Pensioni, Illegittima la revoca delle prestazioni assistenziali ai condannati ai domiciliari

Valentino Grillo Sabato, 03 Luglio 2021
Lo ha stabilito la Corte Costituzionale. È irragionevole che lo Stato valuti un soggetto meritevole di accedere a tale modalità di detenzione e lo privi dei mezzi per vivere, quando questi sono ottenibili solo dalle prestazioni assistenziali.
Ai condannati anche per i reati più gravi non possono essere revocate le prestazioni assistenziali, fondate sullo stato di bisogno, se questi stiano scontando la pena in regime alternativo alla detenzione in carcere (come la detenzione domiciliare). Sebbene queste persone abbiano gravemente violato il patto di solidarietà sociale che è alla base della convivenza civile, attiene a questa stessa convivenza civile che ad essi siano comunque assicurati i mezzi necessari per vivere. È quanto ha affermato la Corte costituzionale con la sentenza n. 137, depositata ieri, con la quale ha dichiarato l’illegittimità costituzione di un passaggio della legge n. 92/2012 (cd. Riforma Fornero del Mercato del Lavoro).

La questione

La Corte, chiamata a pronunciarsi su iniziativa del Tribunale di Fermo, ha dichiarato in contrasto con gli articoli 3 e 38 della Costituzione il comma 61, e, in via consequenziale, il comma 58 dell’articolo 2 della legge n. 92 del 2012 con il quale il legislatore ha disposto la revoca delle prestazioni assistenziali, fondate sullo stato di bisogno, ai condannati in via definitiva per reati di mafia o terrorismo, i quali stiano scontando la pena in modalità alternativa alla detenzione. Il comma 58 prevede che con la sentenza di condanna per i reati più gravi - quelli previsti dagli articoli 270-bis, 280, 289-bis, 416-bis, 416-ter e 422 del codice penale, nonché i delitti commessi avvalendosi delle condizioni previste dal predetto articolo 416-bis ovvero al fine di agevolare l'attività delle associazioni previste dallo stesso articolo - il giudice dispone la sanzione accessoria della revoca delle seguenti prestazioni, comunque denominate in base alla legislazione vigente, di cui il condannato sia eventualmente titolare: indennità di disoccupazione, assegno sociale, pensione sociale e pensione per gli invalidi civili. Il comma 61 stabilisce che tale revoca, con effetto non retroattivo, è disposta dall’ente erogatore nei confronti dei soggetti già condannati con sentenza passata in giudicato all’entrata in vigore della legge n. 92 del 2012.

Le motivazioni

Secondo la Corte nonostante al legislatore sia consentito declinare uno statuto d’indegnità per coloro che si sono macchiati di reati di particolarità gravità esso non può porre in pericolo la stessa sopravvivenza dignitosa del condannato, privandolo del minimo vitale, in violazione dei principi costituzionali (artt. 2, 3 e 38 Cost.), su cui si fonda il diritto all’assistenza. Ad essi lo Stato deve comunque assicurare i mezzi necessari per vivere. Ciò non accade, prosegue la Corte, qualora la revoca riguardi il condannato ammesso a scontare la pena in regime alternativo al carcere, che deve quindi sopportare le spese per il proprio mantenimento, le quali, ove egli sia privo di mezzi adeguati, potrebbero essere garantite solo dalle ricordate provvidenze pubbliche.

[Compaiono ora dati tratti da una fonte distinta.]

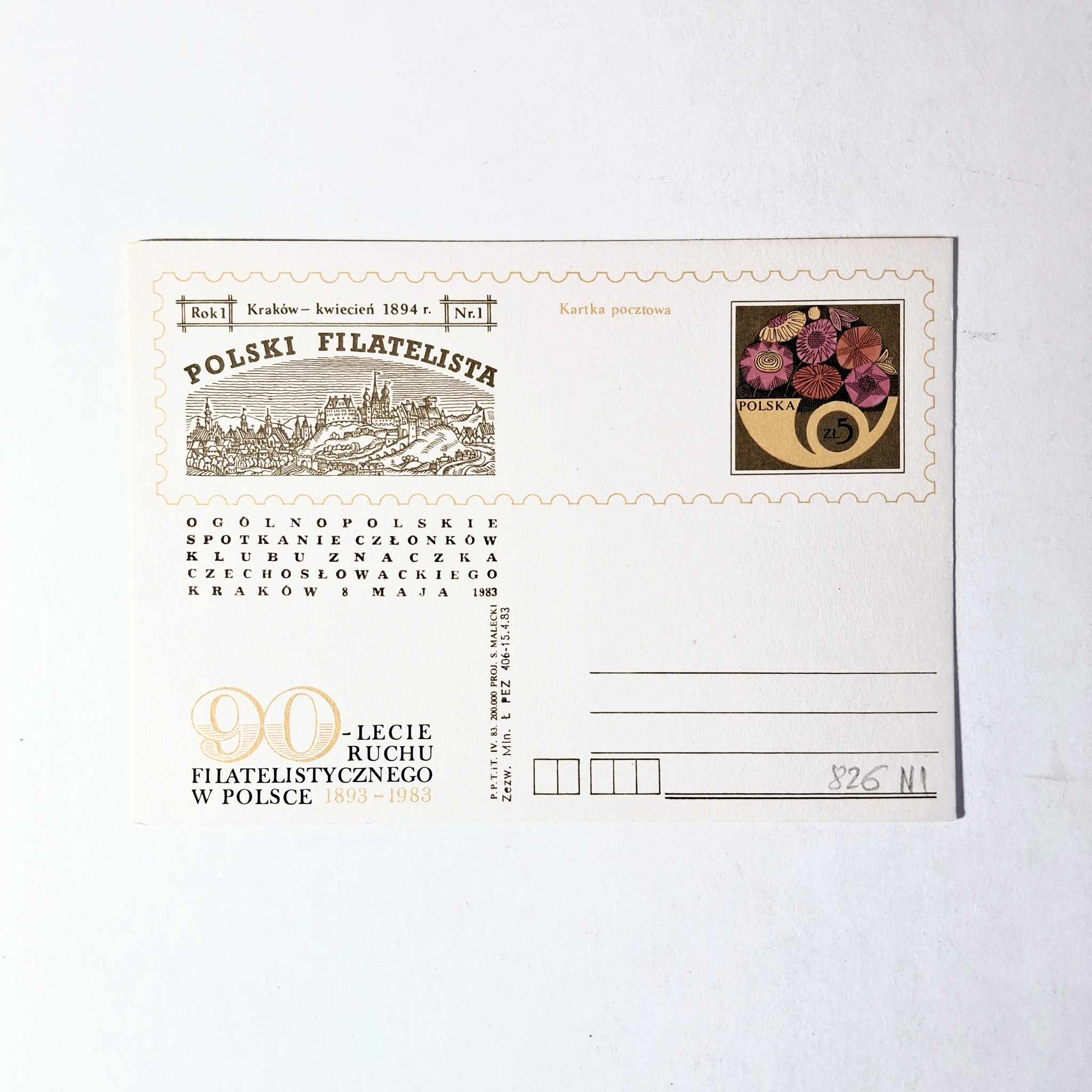 Fi 826 N 1 całostka pocztowa Cp 90 lat ruchu filatelistycznego w Polsce nadruk 1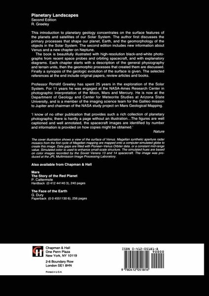 ...the definitive summary text for undergraduate students of surface processes... - Journal of the British Astronomy Association; Review of the first edition: I know of no other publication that provides such a rich collection of planetary photographs - there is hardly a page with out an illustration, and many cover almost the entire 11 x 8.5 format. The figures are well captioned and annotated, the spacecraft images are identified by number and information is provided on how copies might be obtained. - Nature; The reproduction of the images...is among the best I have seen...The overall effect is stunning - Nature; ...the definitive summary text for undergraduate students of surface processes... - Journal of the British Astronomy Association; Review of the first edition: I know of no other publication that provides such a rich collection of planetary photographs - there is hardly a page with out an illustration, and many cover almost the entire 11 x 8.5 format. The figures are well captioned and annotated, the spacecraft images are identified by number and information is provided on how copies might be obtained. - Nature; The reproduction of the images...is among the best I have seen...The overall effect is stunning - Nature; ...the definitive summary text for undergraduate students of surface processes... - Journal of the British Astronomy Association; Review of the first edition: I know of no other publication that provides such a rich collection of planetary photographs - there is hardly a page with out an illustration, and many cover almost the entire 11 x 8.5 format. The figures are well captioned and annotated, the spacecraft images are identified by number and information is provided on how copies might be obtained. - Nature; The reproduction of the images...is among the best I have seen...The overall effect is stunning - Nature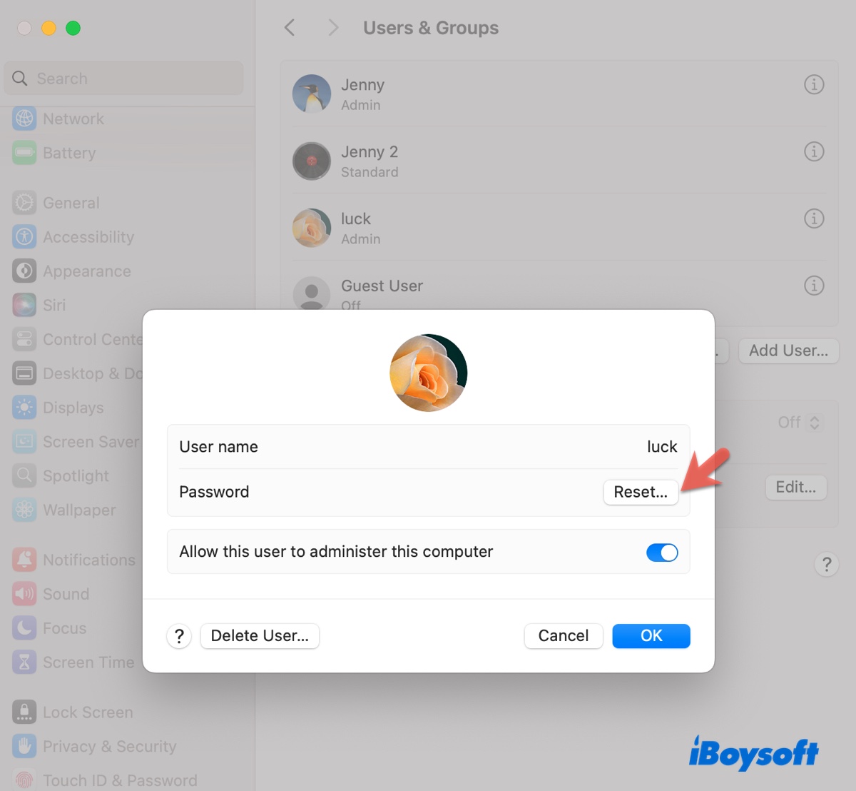Weg 4: Setzen Sie das Apple MacBook-Passwort mit einem anderen Administrator-Konto zurück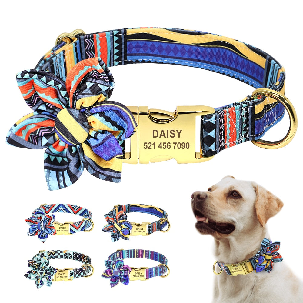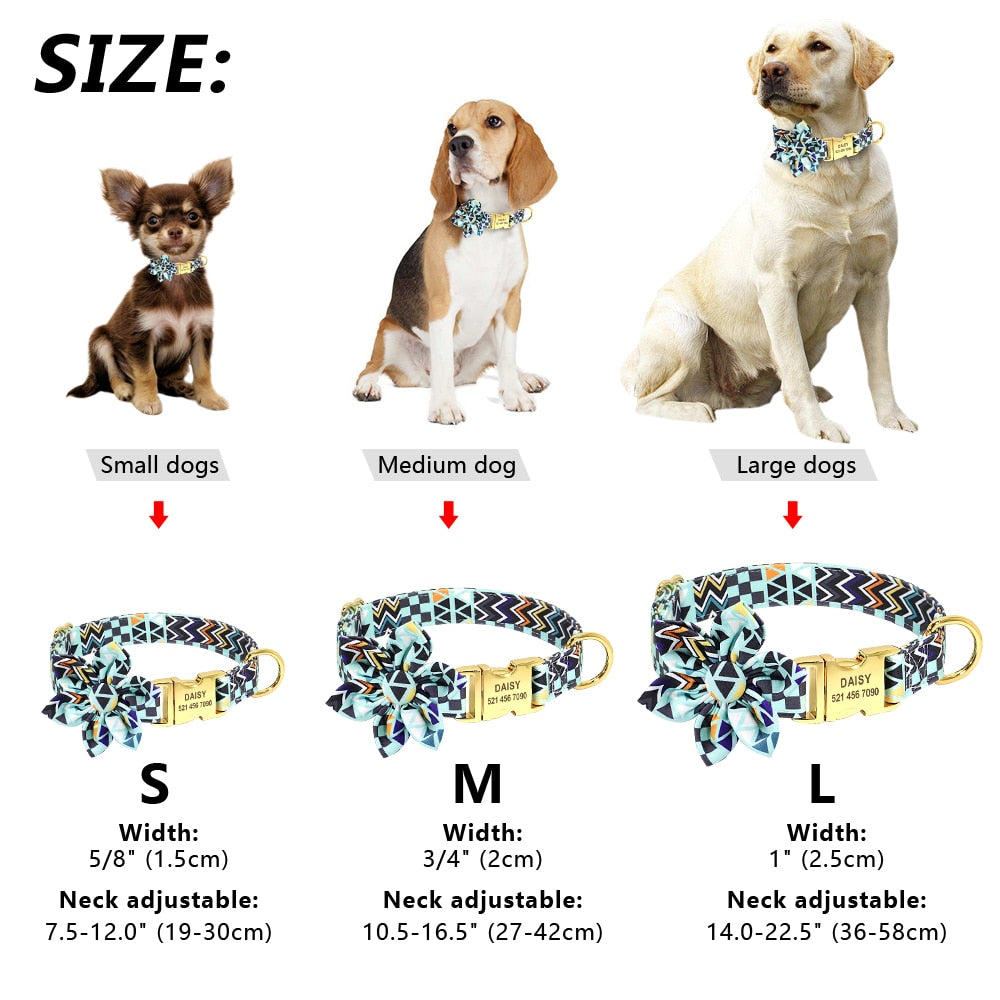 Personalized Dog Collar Nylon Pet ID Collars With Customized Tag Buckle Flower Accessories For Small Medium Large Dogs Bulldog
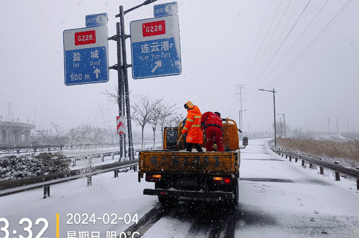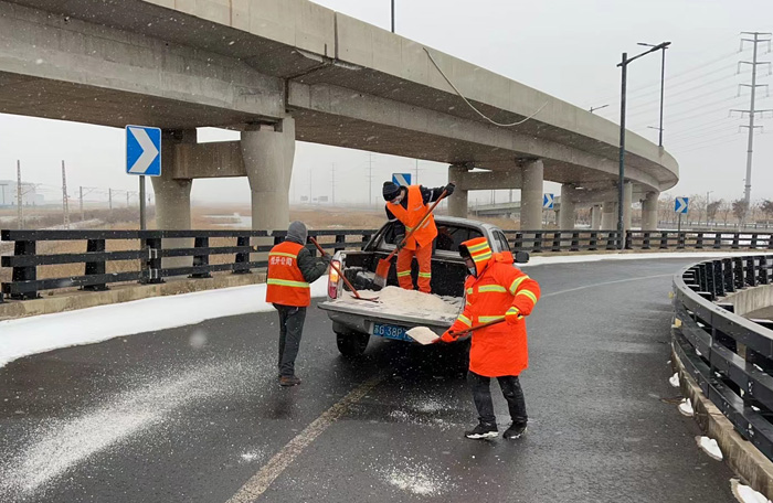 掃雪除冰工作刻不容緩。按照悅升公司掃雪除冰工作任務分配,環衛分公司負責228徐新路到環保大道路段掃雪除冰任務。該區域內因含有張圩互通大橋,光橋梁匝道、輔道就有8條,上下路段非常陡滑,給掃雪除冰工作帶來極大挑戰。但該公司人員堅決認領任務,沒有任何退縮。他們采取車輛緩慢行駛方式,橋梁陡峭路段就使用人工用鐵锨一锨一锨端灑的方式進行。雖然寒風雪天中,不停的作業使胳膊潑灑的極其酸累,但大家不辭辛苦,沒有一絲怨言,全體人員全部值守在崗,奮戰在掃雪除兵工作第一線,僅24日一天,就潑灑融雪劑7車近30噸,為打贏掃雪除冰功堅戰打好堅實基礎。(晁華)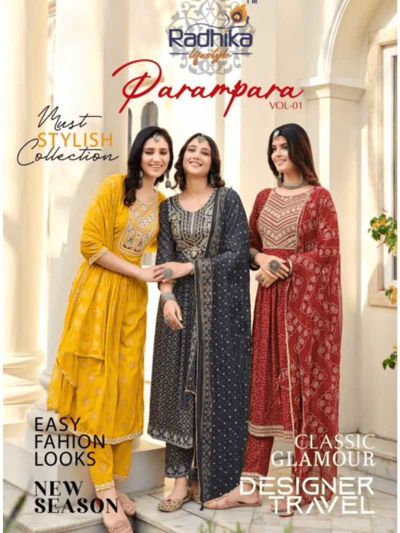 Radhika Parampara Vol 1 Rayon Kurti With Bottom Dupatta Collection At Wholesale Price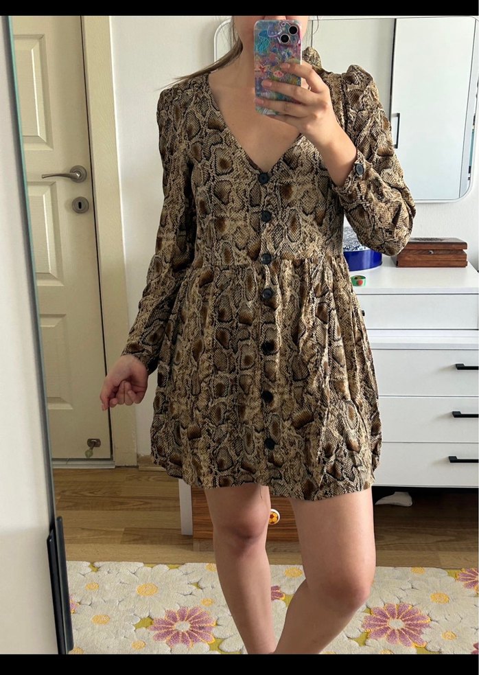 Düğmeli V Yaka Yılan Desenli Zara M Elbise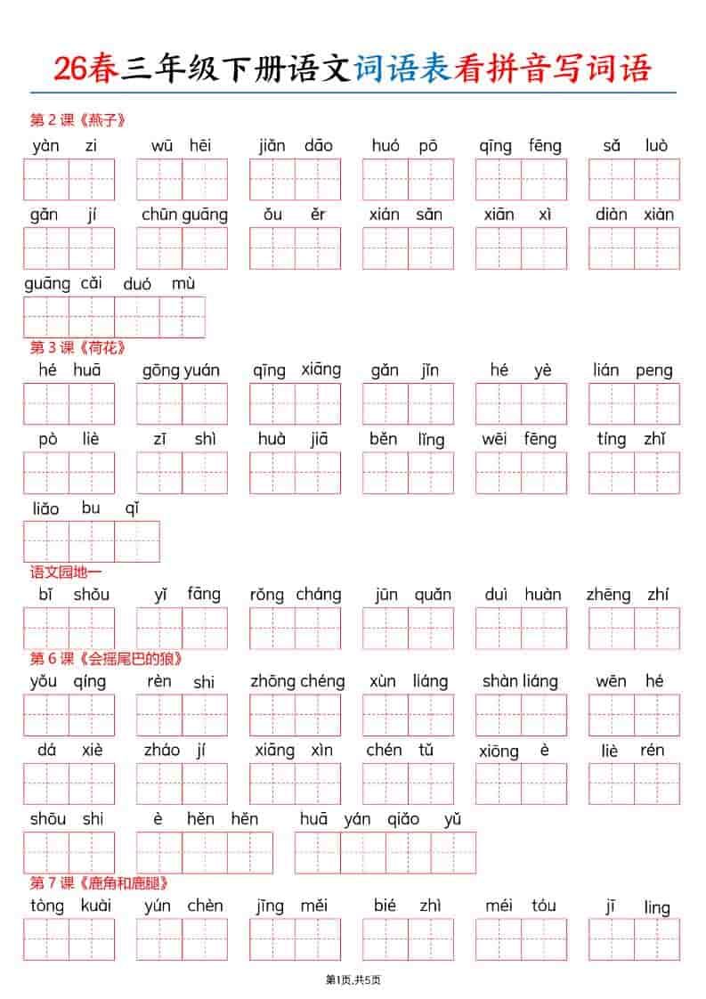 三年级下语文26春词语表看拼音写词语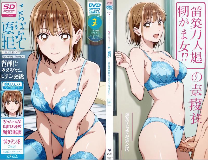 1girl, AV cover, dvd cover, DVD box cover, studio logo, title text prominent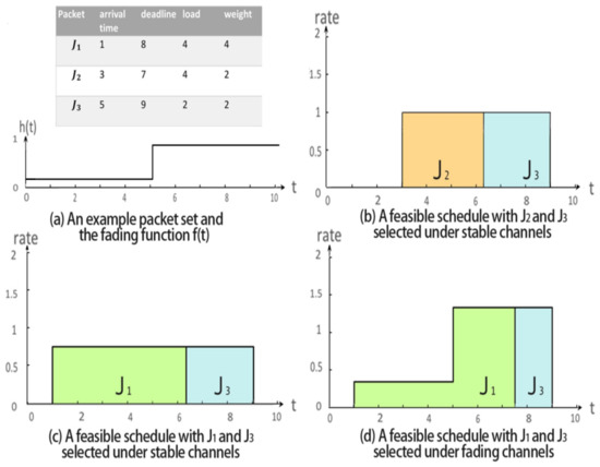An example with three packets. The table in (a) shows the detailed information of the three packets and the step function in (a) shows the fading factors over time. (b–d) are possible rate scheduling policies under static and fading channels.

In altri termini, concludono i giudici, il legislatore ha trattato allo stesso modo e a torto, situazioni soggettive del tutto differenti senza prevedere deroghe allorché ricorrano peculiari situazioni, legate all’età avanzata del condannato, alla presenza di precarie condizioni di salute, nonché, per particolari reati quali quelli di cui al giudizio a quo, anche alla collaborazione con la giustizia. Violando così lo stesso principio di ragionevolezza, perché l’ordinamento valuta un soggetto meritevole di accedere forme alternative di detenzione, ma lo priva poi dei mezzi per vivere, ottenibili, in virtù dello stato di bisogno, solo dalle prestazioni assistenziali.